Son las ocho de la mañana, sales a caminar con el estómago vacío y vuelves con la sensación de haber cumplido. Desayunas cualquier cosa y el cansancio se queda pegado hasta el mediodía. Ese guion tan repetido deja fuera buena parte del beneficio. Lo que pones en el plato antes y después de la caminata decide cuánto rinde cada paso, y a partir de los 60 esa decisión pesa todavía más, porque el músculo necesita señales claras para recuperarse.
Caminar en ayunas no siempre es la mejor idea

Circula la creencia de que salir sin comer obliga al cuerpo a tirar de la grasa y multiplica el resultado. Para un paseo suave puede ser cómodo, pero no es una regla universal ni el gran atajo que se promete. Si la caminata es larga o a buen ritmo, llegar sin combustible suele traducirse en pasos más lentos, peor ánimo y un final flojo.
El punto débil aparece después. Sin nada que reponer, el músculo recibe el estímulo del ejercicio, pero le falta el material para aprovecharlo. En una persona joven el margen es amplio. Pasados los 60, ese margen se estrecha, y ahí la comida deja de ser un detalle para convertirse en parte del entrenamiento.
Lo que la ciencia vio en el músculo maduro
Un equipo comparó cómo responden el músculo joven y el mayor a la misma cantidad de proteína. Según una investigación publicada en PLOS ONE en 2015, el músculo de los adultos mayores mostró una respuesta de construcción muscular más apagada tras comer proteína que el de los jóvenes, un fenómeno conocido como resistencia anabólica.
La lectura práctica es sencilla. Si el músculo mayor responde con menos fuerza, conviene darle un estímulo más claro y bien colocado en el tiempo.
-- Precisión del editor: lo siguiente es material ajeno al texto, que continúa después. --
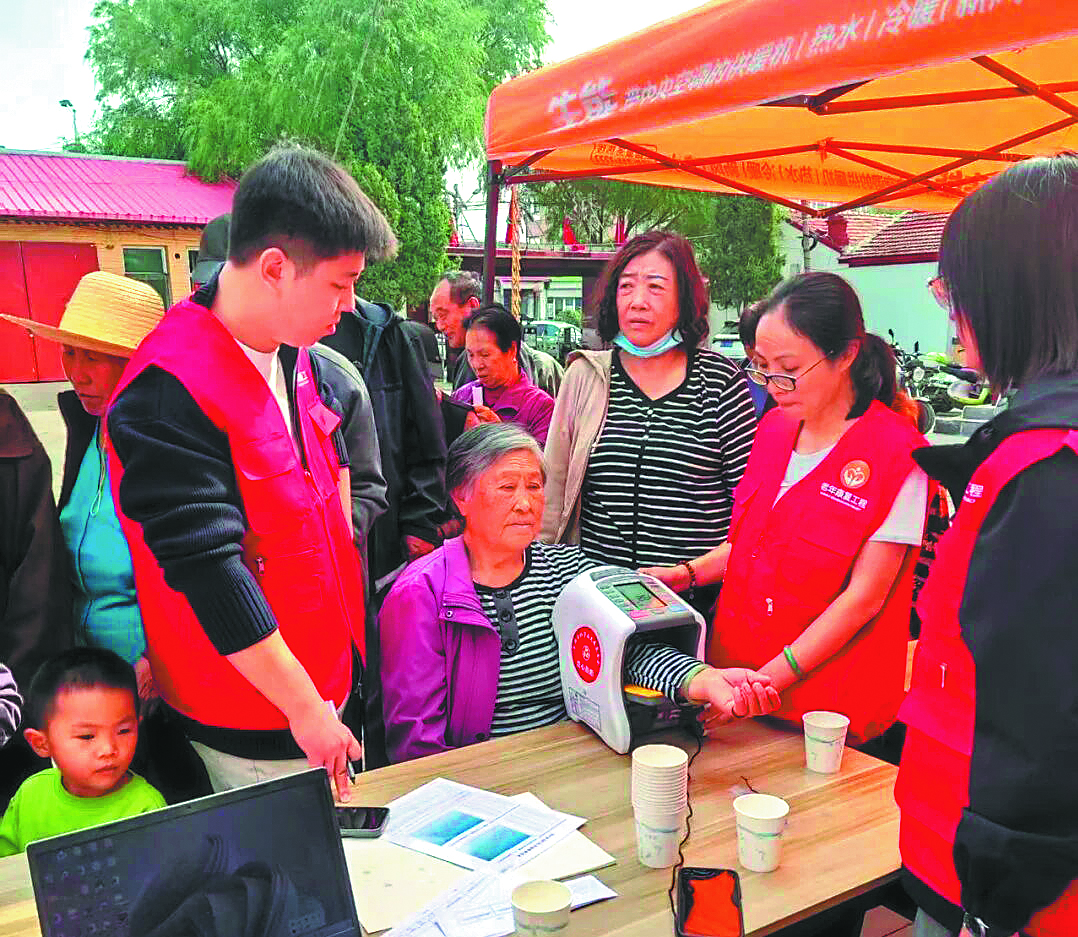 Chen (second from right) and her colleagues provide free health checks to seniors at a village in Hebei province. CHINA DAILY

No se trata de comer más por comer, sino de acompañar la caminata con proteína y algo de energía en el momento en que el cuerpo está más receptivo.
El plato de antes, ligero y con energía disponible

Entre 60 y 90 minutos antes de salir, un tentempié pequeño con carbohidrato de fácil digestión deja las piernas con combustible sin cargar el estómago. Una fruta, una tostada con un poco de miel o un yogur bastan. La idea es sentirse ligero, no lleno.
Si caminas nada más levantarte y no te apetece comer, un vaso de agua y medio plátano ya cambian la cosa. La hidratación cuenta tanto como el bocado: llegar con sed penaliza el rendimiento antes que cualquier otro factor.
La ventana de después pesa más a los 60
Terminada la caminata, el músculo queda unas horas especialmente abierto a repararse y crecer. En una persona mayor esa ventana importa más, porque la respuesta es más floja y conviene no dejarla escapar. Dentro de la hora siguiente, una toma con proteína y carbohidrato aprovecha ese momento.
La cifra orientativa ronda los 20 a 30 gramos de proteína en esa comida. Un yogur griego con fruta, un vaso de leche con avena o un par de huevos con pan cumplen sin complicaciones. Lo decisivo es la cercanía con el ejercicio, no la perfección del menú.
Un matiz evita obsesiones. Si la caminata fue corta y tranquila, la siguiente comida habitual ya cubre esa reposición sin necesidad de un tentempié aparte. La ventana cobra importancia cuando el esfuerzo es real, con una ruta larga, cuestas o un paso vivo que deja las piernas algo cansadas. En esos días es cuando dejar pasar la hora posterior se nota al día siguiente, en forma de piernas más pesadas y menos ganas de repetir.
Cuatro combinaciones según la hora de tu caminata
Cada horario pide un ajuste distinto. Estas cuatro fórmulas cubren los momentos más habituales del día, con algo antes cuando hace falta y siempre una reposición después:
- Al amanecer: medio plátano antes de salir y, a la vuelta, un yogur natural con avena y frutos secos.
- A media mañana: una tostada con miel una hora antes y, de regreso, huevos revueltos con pan integral.
- Antes de comer: sin tentempié previo si desayunaste bien, y la propia comida con proteína como reposición.
- Al atardecer: una fruta a media tarde y, tras la caminata, un vaso de leche con un puñado de nueces.
Qué hacer a partir de hoy
El cambio cabe en dos gestos. Antes de caminar, algo ligero con energía si el estómago lo pide. Después, una toma con proteína dentro de la hora siguiente. Repetido a diario, ese pequeño orden convierte la misma caminata en un estímulo que el músculo sí aprovecha. Puedes ver también en qué cambia caminar rápido o despacio cuando el azúcar está alta, ajustar tu energía con estas ideas sobre los carbohidratos que aportan combustible y repasar los alimentos que ayudan a conservar el músculo.
Esta información tiene fines divulgativos y no sustituye la evaluación de un profesional de la salud. Ante dudas sobre tu alimentación o tu forma física, consulta con tu médico o con un dietista-nutricionista.